§ **HOW TO COMPLETE THIS TASK**
Output only the lines that run from the line holding "Sudadera gris con" to the end of the data below, including both ends, without any pictures.

§ **SOURCE INFORMATION**
↓
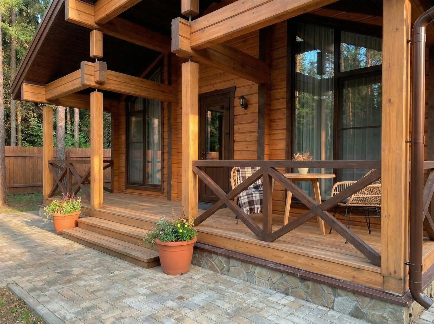 • Отделка пола террасной доской из лиственницы или сосны
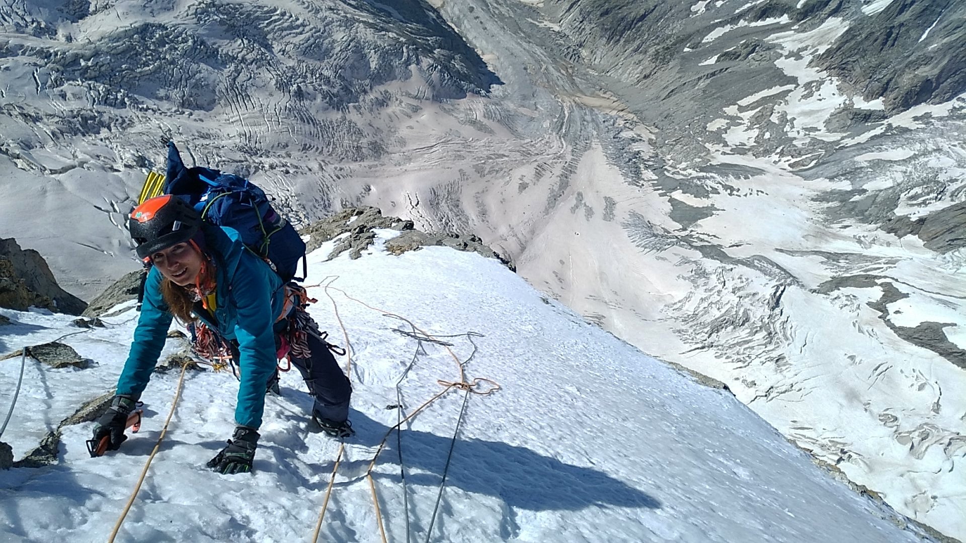and beginning the way down: Bivi at approx. 4050m ; July 19, descent to Boccalate and Planpincieux, Italy
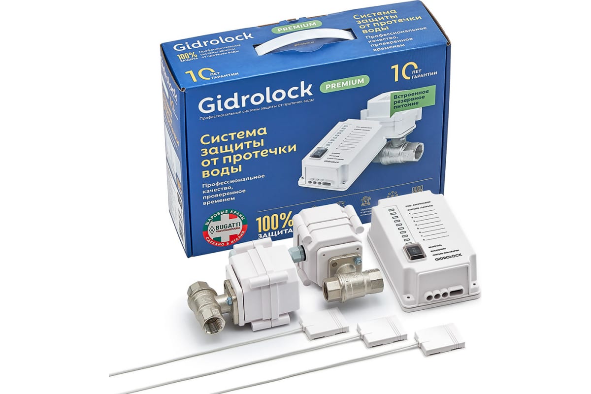 Система защиты от протечек воды Gidrolock Premium BUGATTI 1/2 31201021 предназначен для обнаружения и локализации протечек воды в системах водоснабжения и отопления жилых, загородных домов, офисных зданий, магазинов, даже в момент отключения электроэнергии.
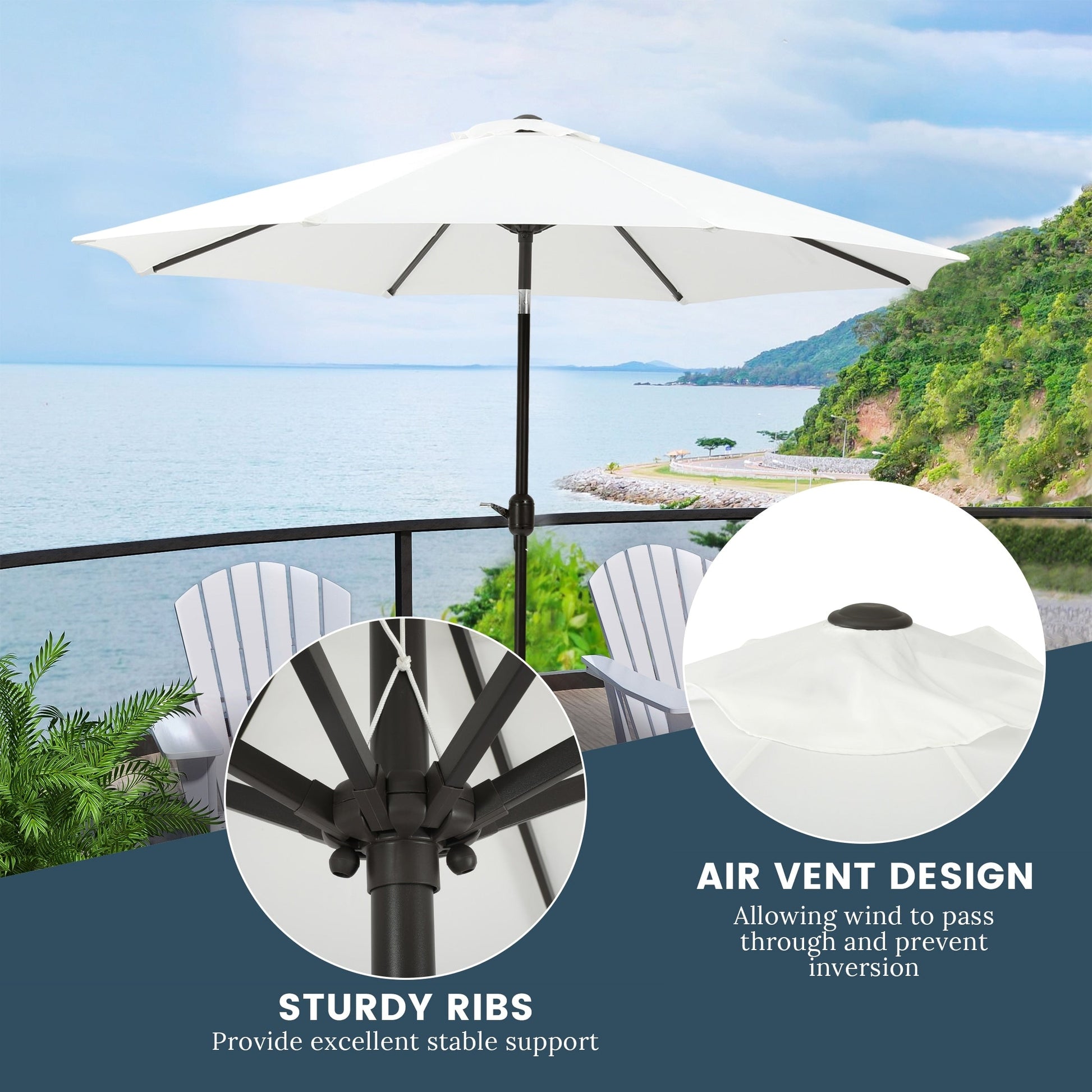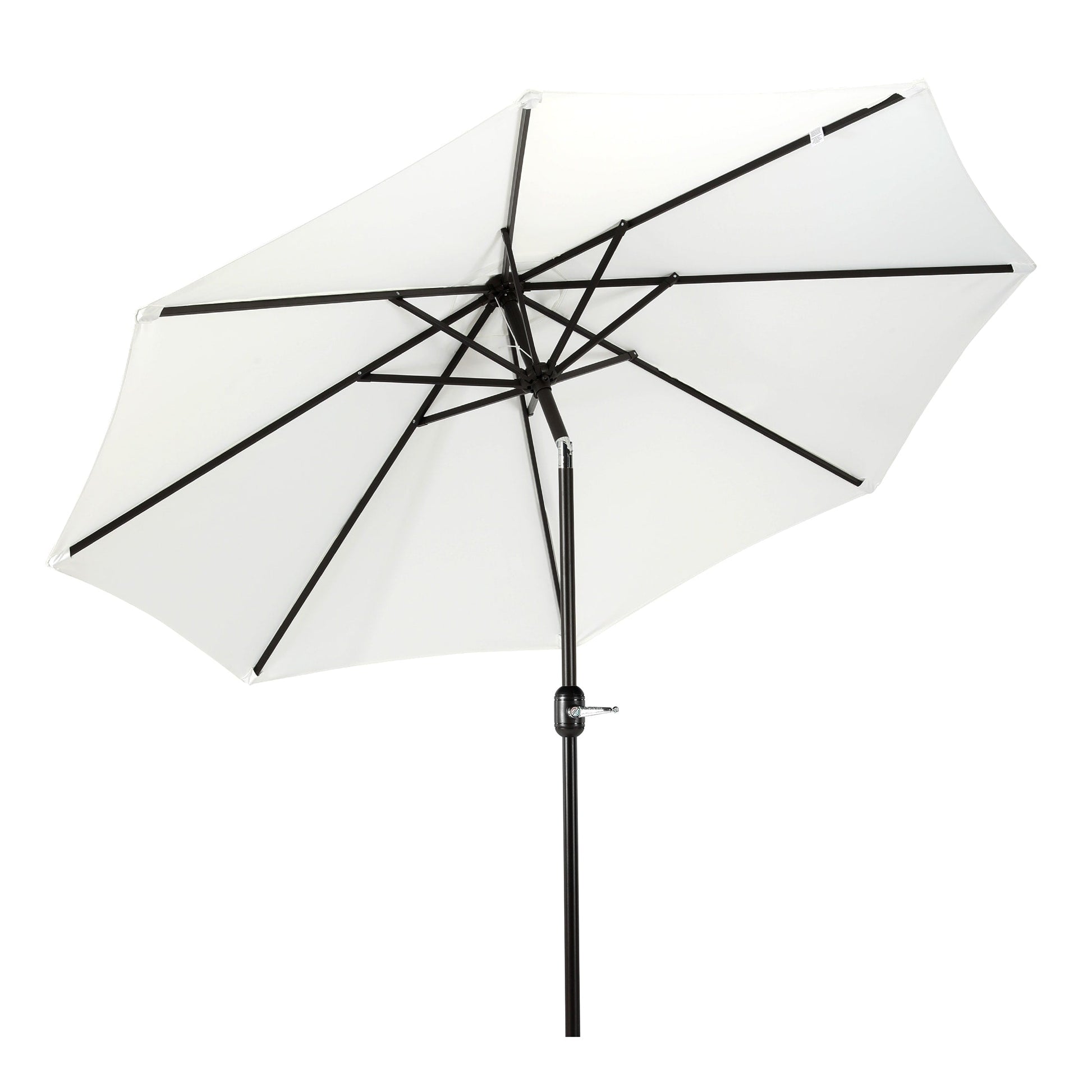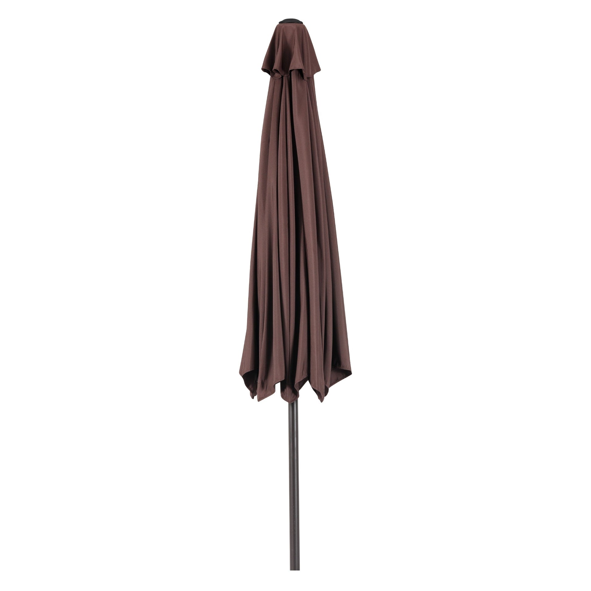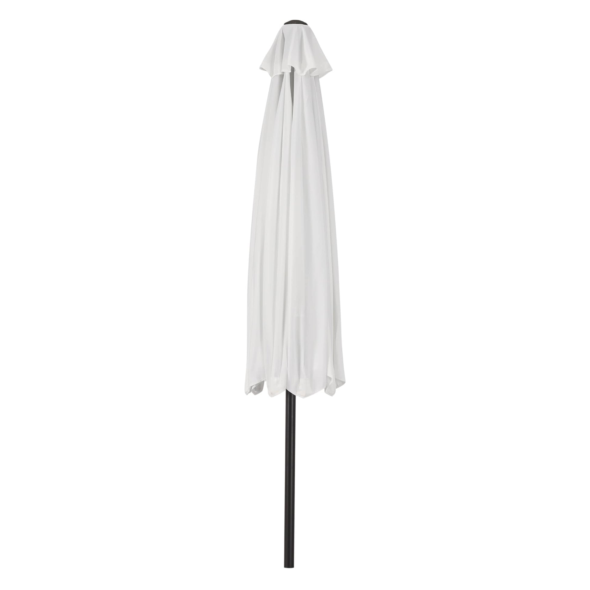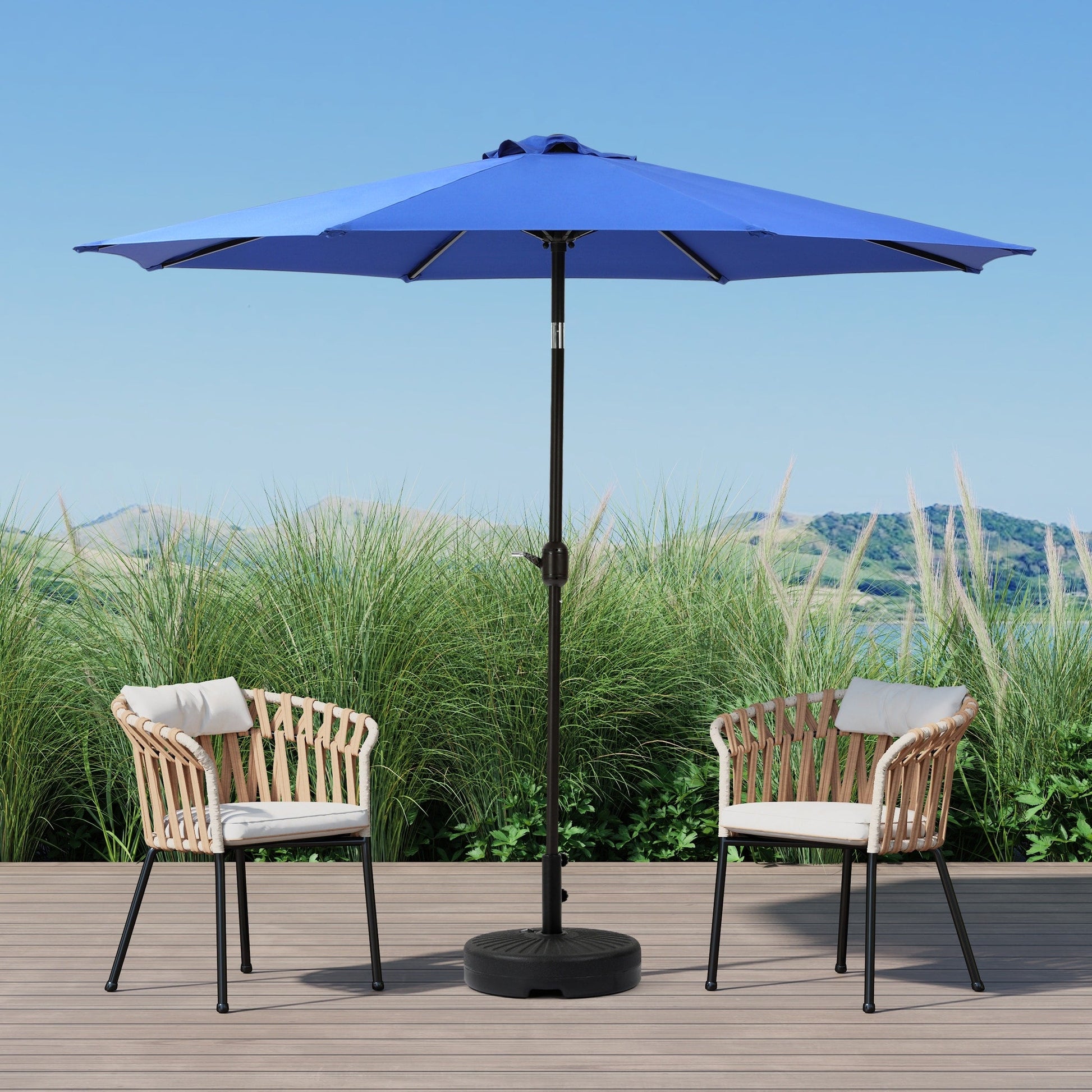 Enjoy the sunshine and scenery while keeping cool under this 9-foot steel outdoor patio table umbrella. Designed with style and durability in mind, this piece is built with a rust- and water-resistant steel frame and polyester fabric that blocks up to 95% of UV rays. The easy-to-crank lift mechanism allows for a simple open and close system when not in use. This 9-foot umbrella is perfect for your patio, garden table, outdoor dining table, pool, or lounge area. Available in multiple colors to fit your décor needs.
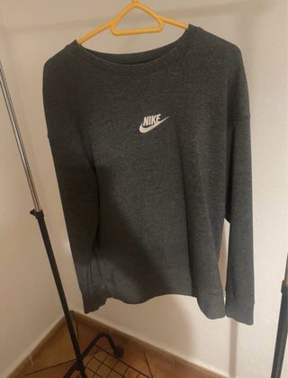 Sudadera gris con el icónico logo de Nike. - Diseño clásico y cómodo. - Logo de Nike en el pecho.
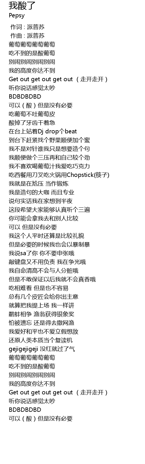 | Song | 我酸了 |
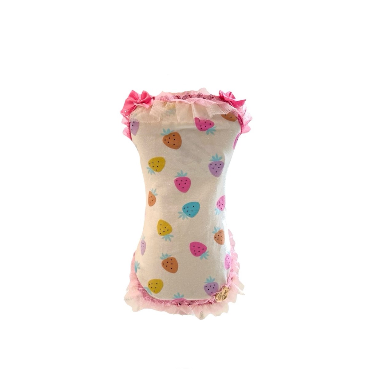 Regala al tuo amico a quattro zampe un look unico con questa adorabile t-shirt con le fragoline! Realizzata in morbido cotone, assicura comfort e traspirabilità in ogni stagione. La stampa con le fragoline aggiunge un tocco di dolcezza e simpatia, perfetto per i cuccioli che amano farsi notare.
↑
§ **PROBLEM SOLUTION**
 Sudadera gris con el icónico logo de Nike. - Diseño clásico y cómodo. - Logo de Nike en el pecho.
 | Song | 我酸了 |
 Regala al tuo amico a quattro zampe un look unico con questa adorabile t-shirt con le fragoline! Realizzata in morbido cotone, assicura comfort e traspirabilità in ogni stagione. La stampa con le fragoline aggiunge un tocco di dolcezza e simpatia, perfetto per i cuccioli che amano farsi notare.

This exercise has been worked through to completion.